_TASK GOAL_
Please find the line that holds "Figure 25 Zingiber officinale (133)" below and reproduce it, along with every line after it through the end, exactly and without pictures.

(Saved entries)
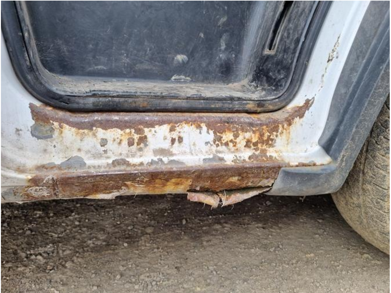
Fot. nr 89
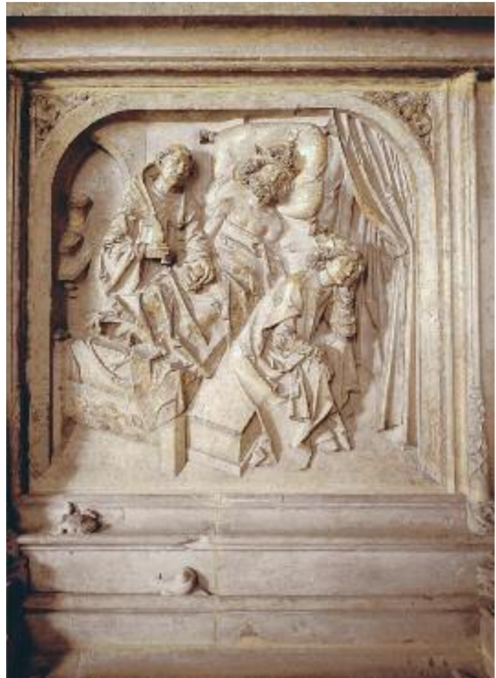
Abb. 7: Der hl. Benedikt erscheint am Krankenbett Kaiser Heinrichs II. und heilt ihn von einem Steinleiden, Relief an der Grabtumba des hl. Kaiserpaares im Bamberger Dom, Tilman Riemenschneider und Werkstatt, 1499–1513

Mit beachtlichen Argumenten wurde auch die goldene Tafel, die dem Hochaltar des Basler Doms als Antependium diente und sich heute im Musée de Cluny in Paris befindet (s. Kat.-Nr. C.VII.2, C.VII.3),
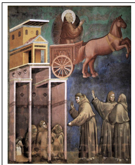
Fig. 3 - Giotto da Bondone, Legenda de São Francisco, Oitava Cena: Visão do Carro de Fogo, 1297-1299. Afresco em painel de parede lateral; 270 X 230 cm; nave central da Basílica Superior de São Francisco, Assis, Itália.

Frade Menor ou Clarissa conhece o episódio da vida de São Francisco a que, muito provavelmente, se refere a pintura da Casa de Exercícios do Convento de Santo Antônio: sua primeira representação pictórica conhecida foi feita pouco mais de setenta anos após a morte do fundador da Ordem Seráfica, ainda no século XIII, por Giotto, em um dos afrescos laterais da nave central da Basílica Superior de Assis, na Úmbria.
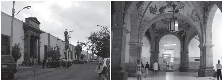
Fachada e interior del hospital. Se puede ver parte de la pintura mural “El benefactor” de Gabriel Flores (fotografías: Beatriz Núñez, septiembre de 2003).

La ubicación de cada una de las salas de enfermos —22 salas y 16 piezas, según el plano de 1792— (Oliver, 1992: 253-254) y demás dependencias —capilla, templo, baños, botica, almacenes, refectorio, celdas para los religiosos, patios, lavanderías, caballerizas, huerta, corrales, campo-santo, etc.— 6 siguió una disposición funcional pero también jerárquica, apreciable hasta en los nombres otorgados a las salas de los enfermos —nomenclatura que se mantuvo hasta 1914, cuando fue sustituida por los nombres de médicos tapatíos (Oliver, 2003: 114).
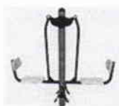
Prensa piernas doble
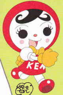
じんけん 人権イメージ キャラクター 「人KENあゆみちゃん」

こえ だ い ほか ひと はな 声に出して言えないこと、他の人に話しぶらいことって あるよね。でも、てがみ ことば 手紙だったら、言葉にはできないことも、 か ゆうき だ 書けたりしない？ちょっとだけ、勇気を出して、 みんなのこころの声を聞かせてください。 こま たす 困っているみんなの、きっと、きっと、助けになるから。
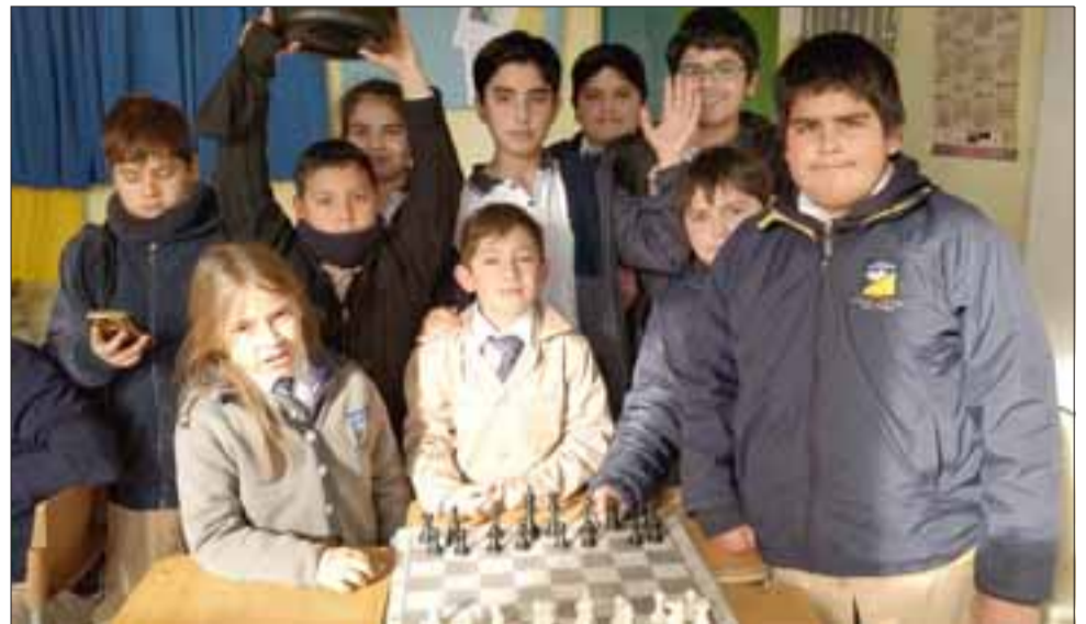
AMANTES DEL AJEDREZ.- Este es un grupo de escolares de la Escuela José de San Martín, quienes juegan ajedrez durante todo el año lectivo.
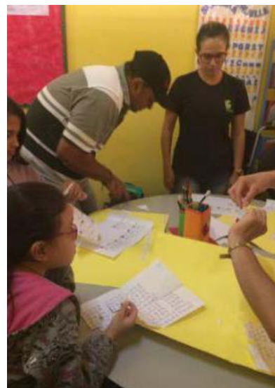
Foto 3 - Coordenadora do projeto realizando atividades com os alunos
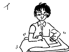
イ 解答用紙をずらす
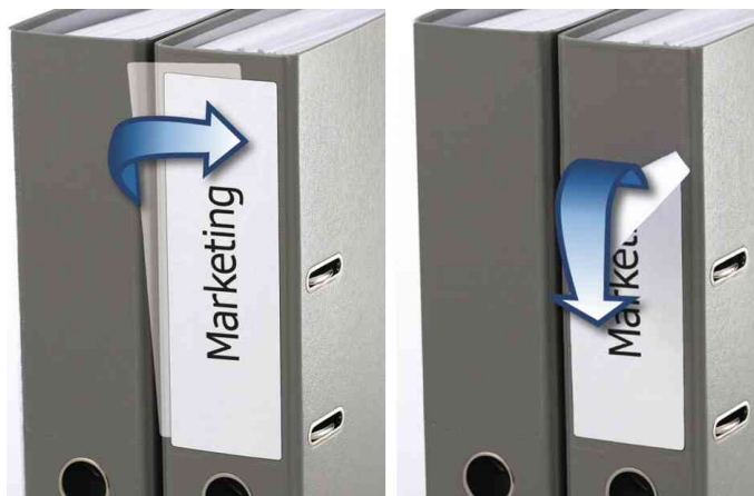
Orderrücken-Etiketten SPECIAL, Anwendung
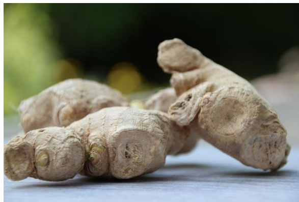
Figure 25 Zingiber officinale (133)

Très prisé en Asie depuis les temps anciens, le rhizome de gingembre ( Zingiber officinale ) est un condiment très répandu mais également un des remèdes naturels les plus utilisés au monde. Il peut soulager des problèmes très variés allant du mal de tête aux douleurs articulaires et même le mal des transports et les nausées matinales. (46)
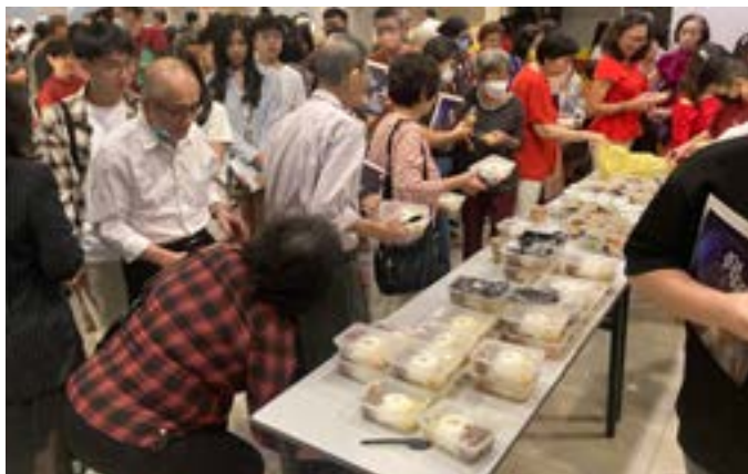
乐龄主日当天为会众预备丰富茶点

_SOLVED EXERCISE_
Figure 25 Zingiber officinale (133)

Très prisé en Asie depuis les temps anciens, le rhizome de gingembre ( Zingiber officinale ) est un condiment très répandu mais également un des remèdes naturels les plus utilisés au monde. Il peut soulager des problèmes très variés allant du mal de tête aux douleurs articulaires et même le mal des transports et les nausées matinales. (46)
乐龄主日当天为会众预备丰富茶点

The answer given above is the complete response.